Many criminals who receive the death penalty later have it over turned. These criminals along with other criminals put on life sentences later get out on probation, only later to return to prison for committing another violent crime. Most of the criminals on death row or in jail for life have committed multiple violent crimes. A large percentage of these criminals committed another offense after they had be let out on probation after being, so called “rehabilitated” or deemed fit to return to society. If this happens in such large percentages of the case, how is considered an effective method? Obviously, the system is flawed.

The death penalty is a strong deterrent. It is directed at the most heinous and ruthless killers. It also shows the serious nature of killing and the ways our society will deal with it. We value life as being a gift that we should cherish and never give up, and yet we can let other people get away with taking away this gift, saying we can do nothing about it. Without the death penalty, we just are letting them say kill our loved ones and we will just throw you in jail. Many do not fear jail, and others even welcome it.

With the death penalty undergoing so many changes with its method of execution, there are new less painful methods. More recently, lethal injection has become the execution of choice because of it is a quick and painless death. Many supporters of the death penalty see the execution as the retribution for the victim, the more heinous the crime the more painful the execution. The death penalty gives many a sense of justice not received with a life sentence or any kind of jail sentence. Many of the opposing views do not reason at how condemning these people to death by jail cell more acceptable then execution.

Many opposing views to the death penalty bring up the cost issue. The average cost of an inmate on death row is 2 million per case, much more then a life sentence. Running facilities used to execute people can be used to run ones that will hold other convicts.
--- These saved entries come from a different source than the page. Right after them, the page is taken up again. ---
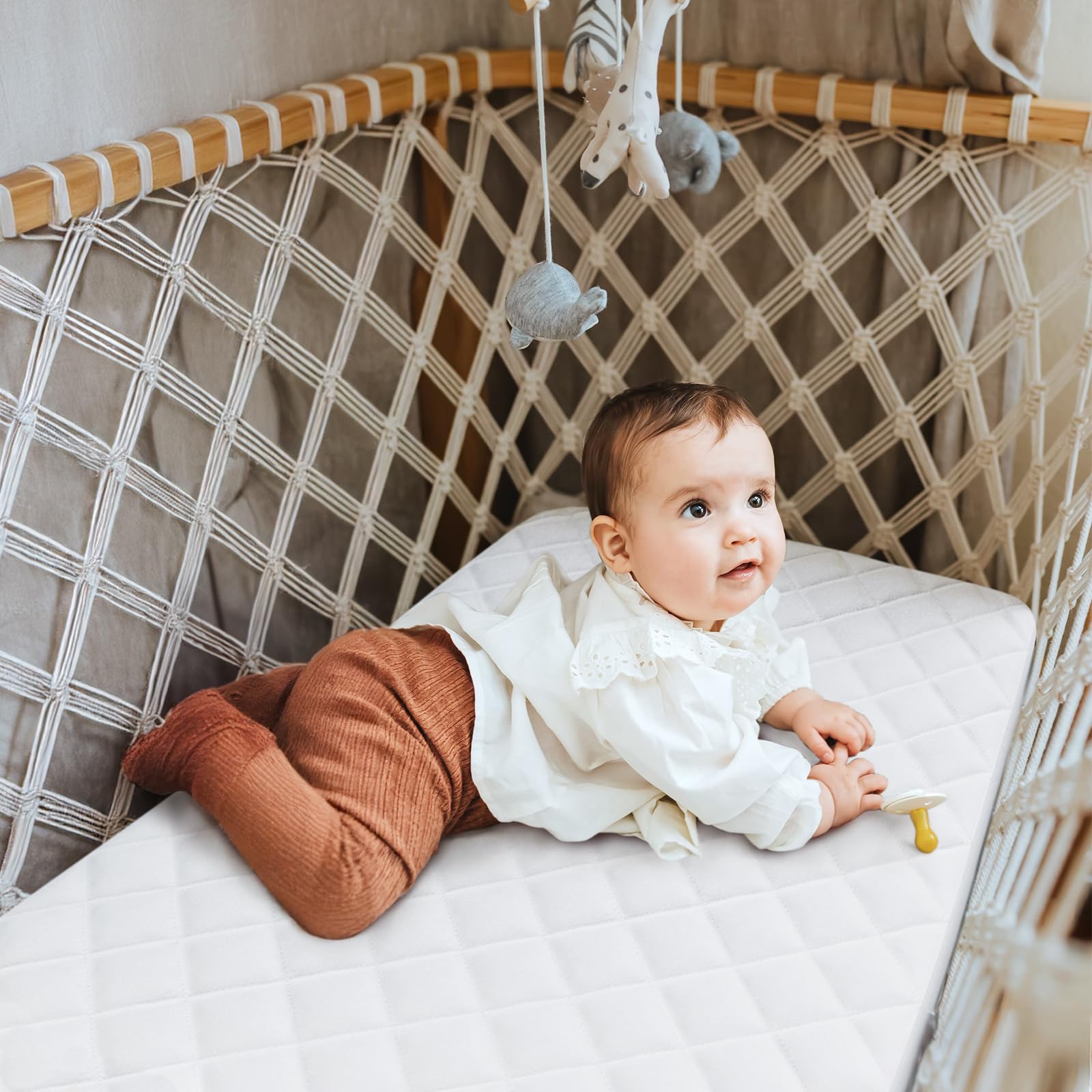 Waterproof and Noiseless: 100% Protection against URINE, MILK, SWEAT and other liquids soaking into the valuable mattress. The Waterproof layer of the bassinet mattress pad is skin friendly which is made of food-grade TPU, and we perfectly control the thickness of membrane that keeps the bassinet mattress protector soft and silent, it remains quiet however your child turns.
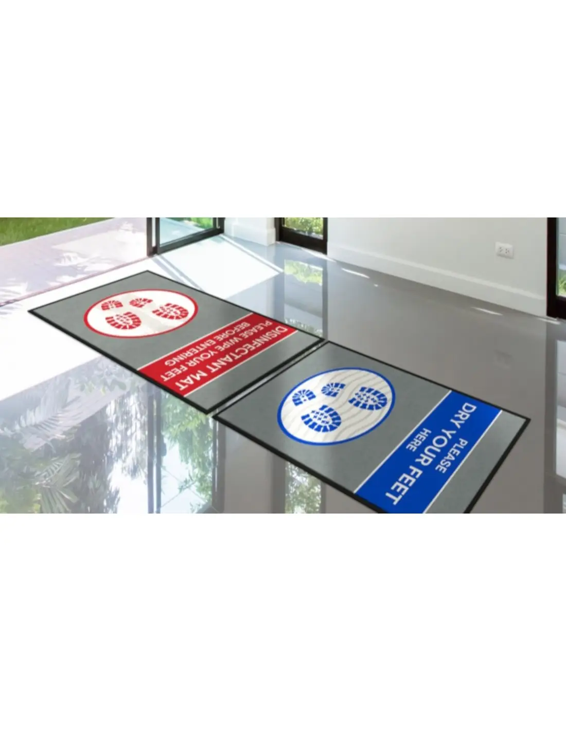 A two-step disinfection solution for cleaning shoes upon entry to a building. The disinfectant mat is sprayed with disinfectant (not included) and kills any viruses or bacteria present on the shoes of people entering a building or room. The shoes are then dried on the second mat to keep the floor dry and reduce the risk of slipping.
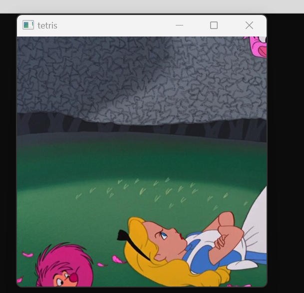 #include <SFML/Graphics.hpp> #include <cassert> #include <stdio.h> #include <iostream> #include <windows.h> #include <conio.h> #include <stdlib.h> #include <SFML/Config.hpp> #include <SFML/System/Export.hpp> using namespace std; using namespace sf; int main() { Texture texture; texture.loadFromFile("C:/Users/User/OneDrive/사진/alice.jpg"); Sprite sprite; sprite.setTexture(texture); sprite.setTextureRect(IntRect(0 ,0, 500, 500)); //0,0위치에 500*500 사이즈로 로드 RenderWindow window(VideoMode(500, 500), "tetris"); //window.setFramerateLimit(60); while (window.isOpen()) { Event event; while (window.pollEvent(event)) { if (!texture.loadFromFile("C:/Users/User/OneDrive/사진/alice.jpg")) return -1; // Assign it to a sprite sprite.setTexture(texture); // Draw the textured sprite window.clear(); window.draw(sprite); window.display(); } } return 0; }여러가지 오류가 많았다...
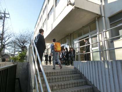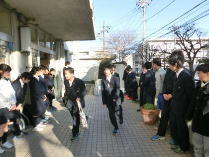 生徒会本部役員とJRC部の生徒が、登校してくる生徒を元気なあいさつで迎えていました。(遠藤)
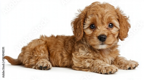 Adorable Cavapoo Puppy Fluffy Dog Cute Pet Portrait Brown Dog White Background
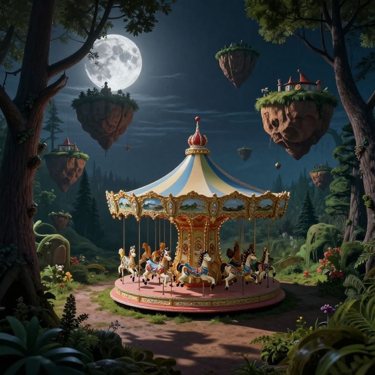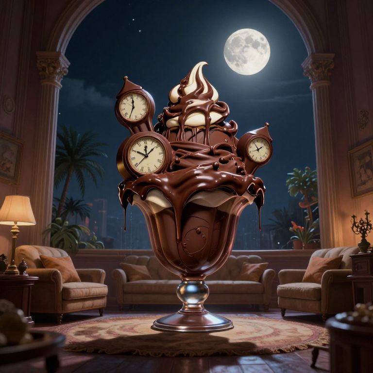 Imagine a surreal dream landscape where a colossal chocolate sundae takes center stage in an intimate living room setting. From a low-angle viewpoint, observe the sundae transform into a fantastical architectural marvel with towering clock-like structures and streams of cascading chocolate mimicking waterfalls. As day transitions to night, the sundae reflects the full moon's light, creating an otherworldly glow that stretches long shadows over the furniture below. This image blends nostalgia and whimsy, inviting viewers on a journey through their sweet recollections while exploring the enigmatic nature of time itself in a style reminiscent of Salvador Dali's melting clocks.
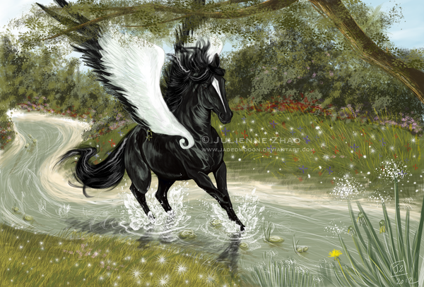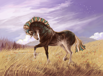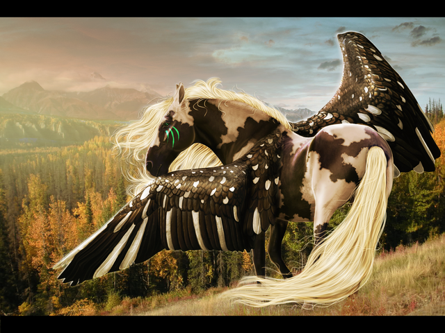 The most beautiful use of peafowl with sabino(? the white markings x_x), everything flows together so nicely, really looks like the foal's shimmering
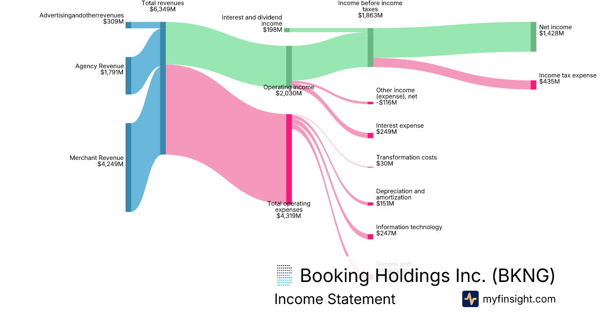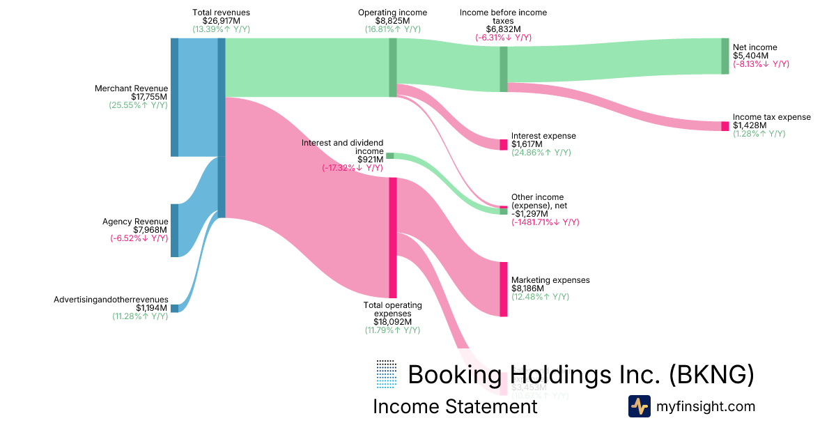 For the year ending 2025-12-31, BKNG made $26,917M in revenue. $5,404M in net income. Net profit margin of 20.08%.
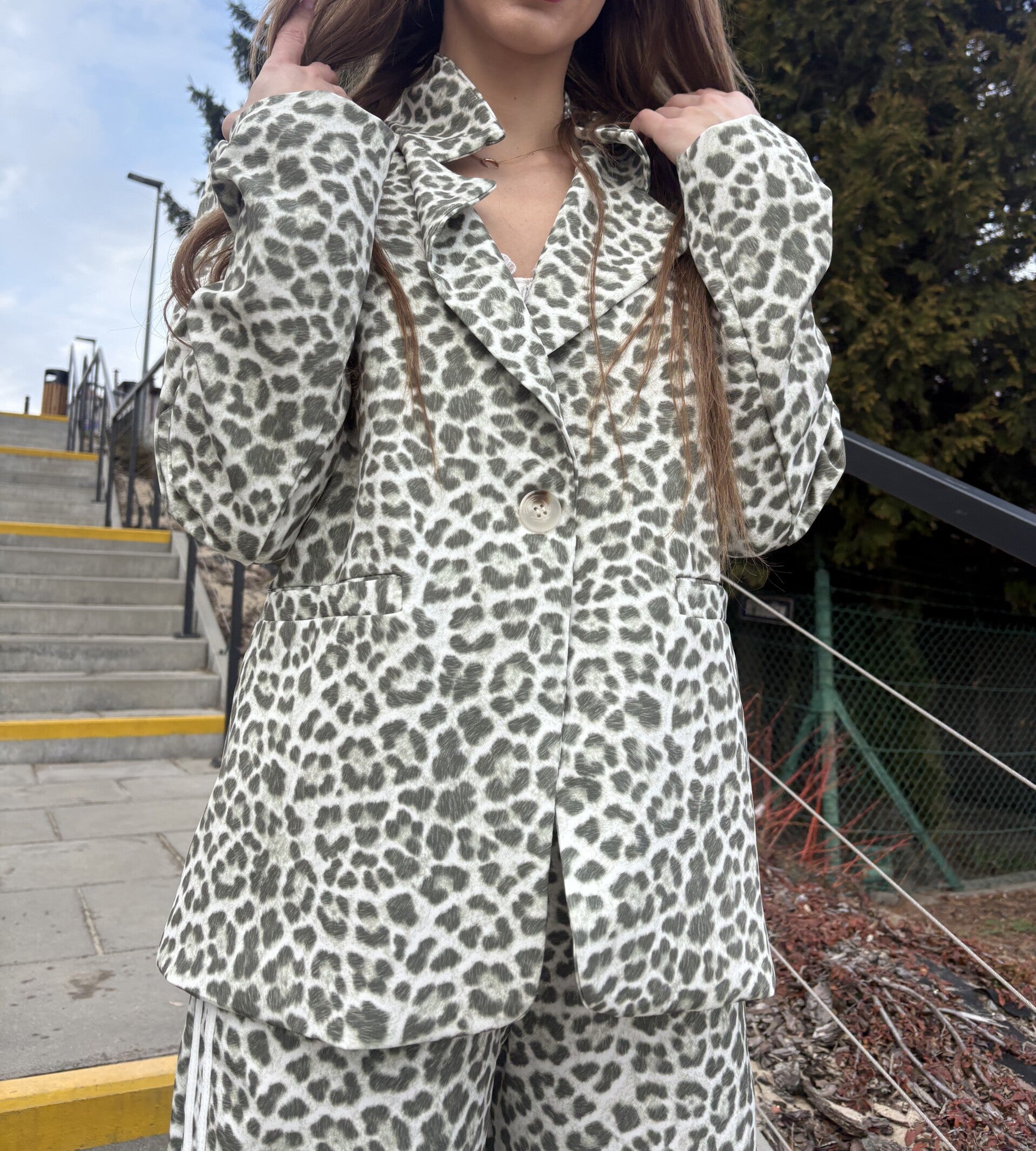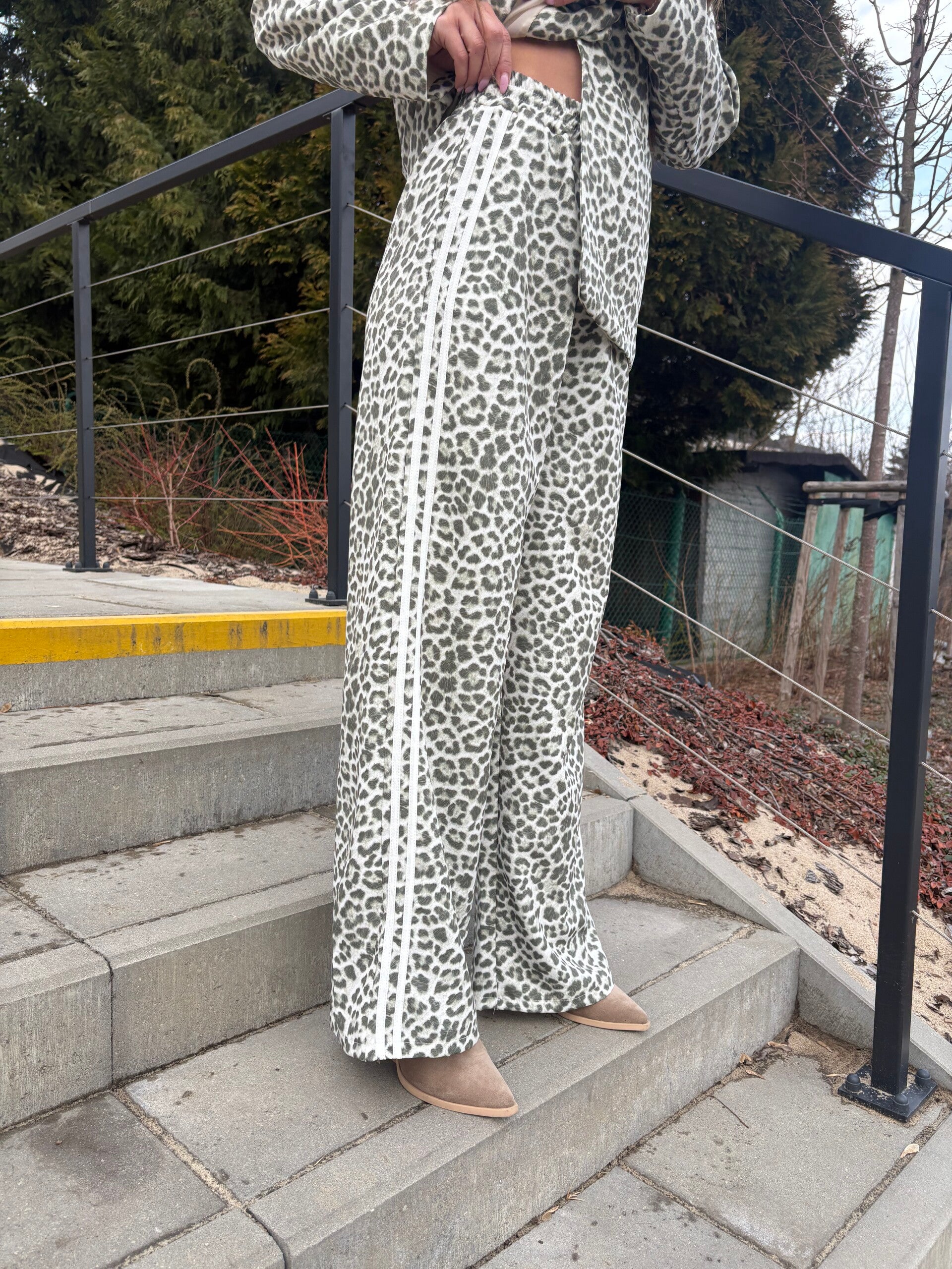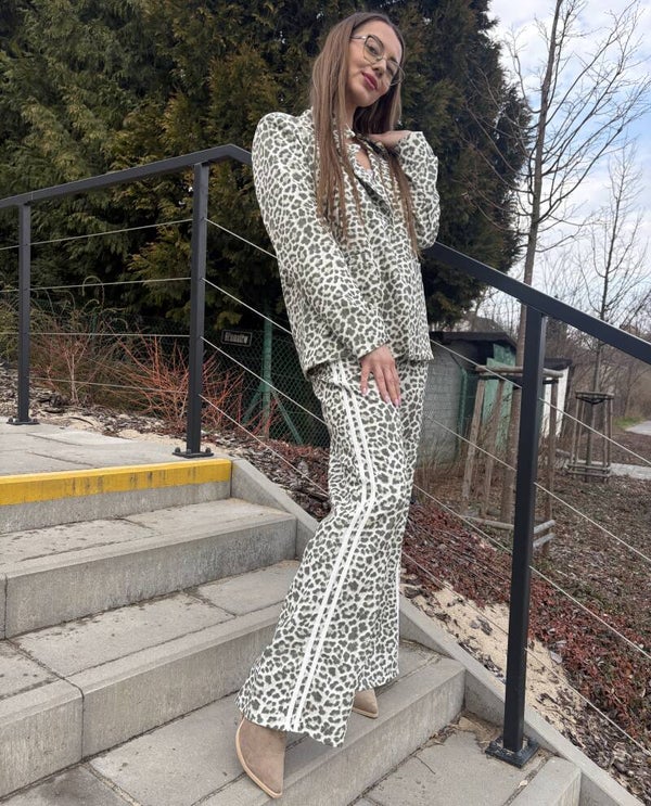 Zestaw z długą marynarką i długimi spodniami typu dzwony - zieleń
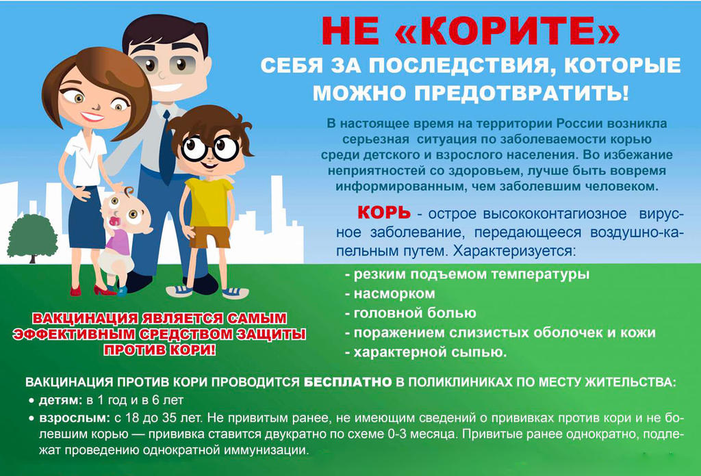 В соответствии с Национальным календарем профилактических прививок обязательная вакцинация детям против кори проводится в возрасте 12 месяцев и повторно в 6 лет. Также должны прививаться взрослые в возрасте до 35 лет, не болевшие корью, не привитые ранее или не имеющие сведений о сделанной ранее прививке против кори или перенесенной в прошлом кори лица; в возрасте 36-55 лет прививаются лица, относящиеся к группам риска (работники медицинских и образовательных организаций, организаций торговли, транспорта, коммунальной и социальной сферы).
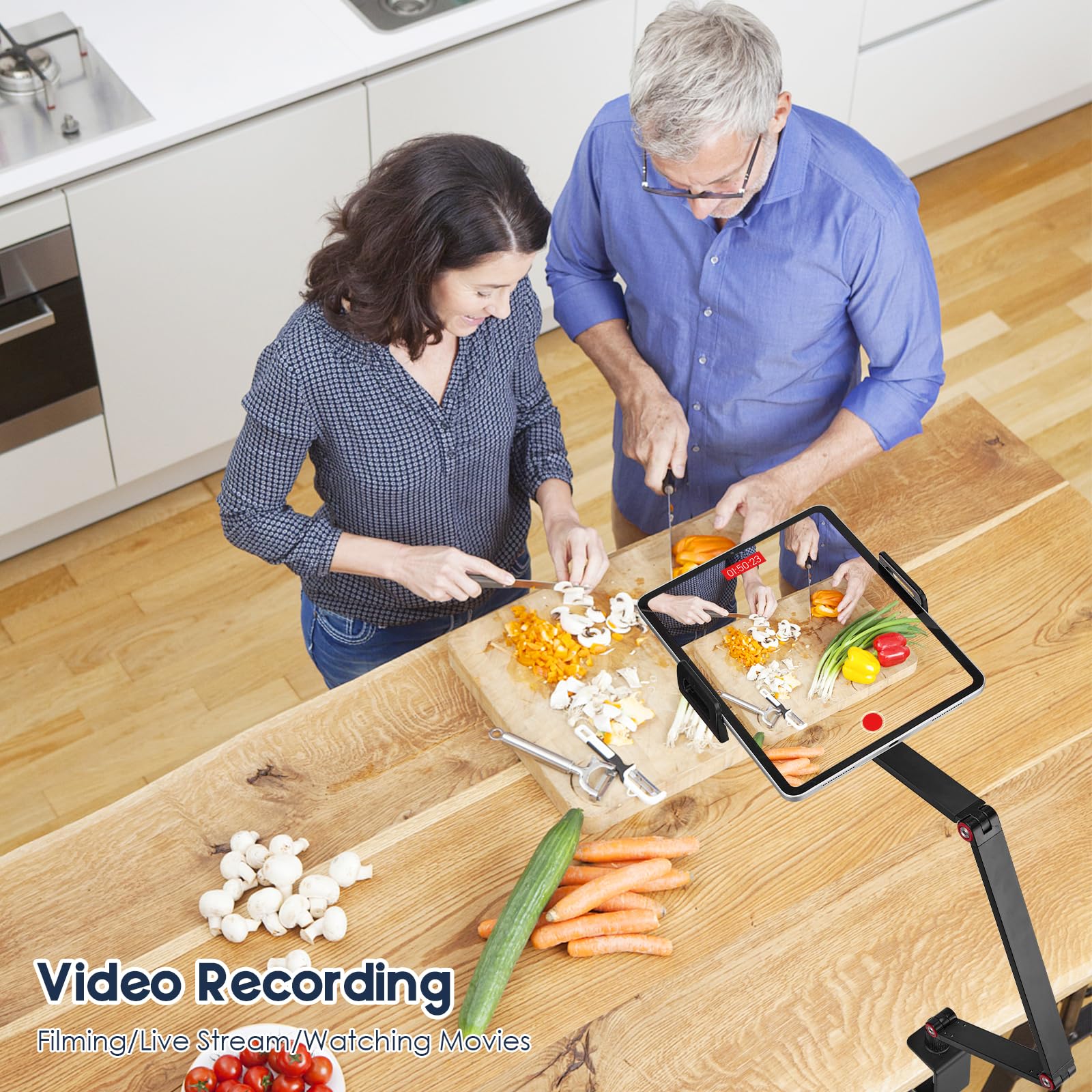 • Extended Long Arm---3 sections long arm tablet holder mount.Longer distance and more flexible.It is a good helper for you to use your tablet in various scenarios - watching movies, playing games,reading,viewing recipes,etc

Many points are about the budget but the underlying issues are the use of funding. The Miranda rights give people to the rights to a free attorney. The convicts cost the state thousands of dollars in courts and related fees. Many convicts are on death row for years long before an execution date is set. We pay for our lives as well as the life of our loved ones. We pay to eat, sleep, and be safe, and we even pay the government to keep us safe. If the money is spent on, keeping the people who threaten that safety and even take the lives that we pay so dearly for.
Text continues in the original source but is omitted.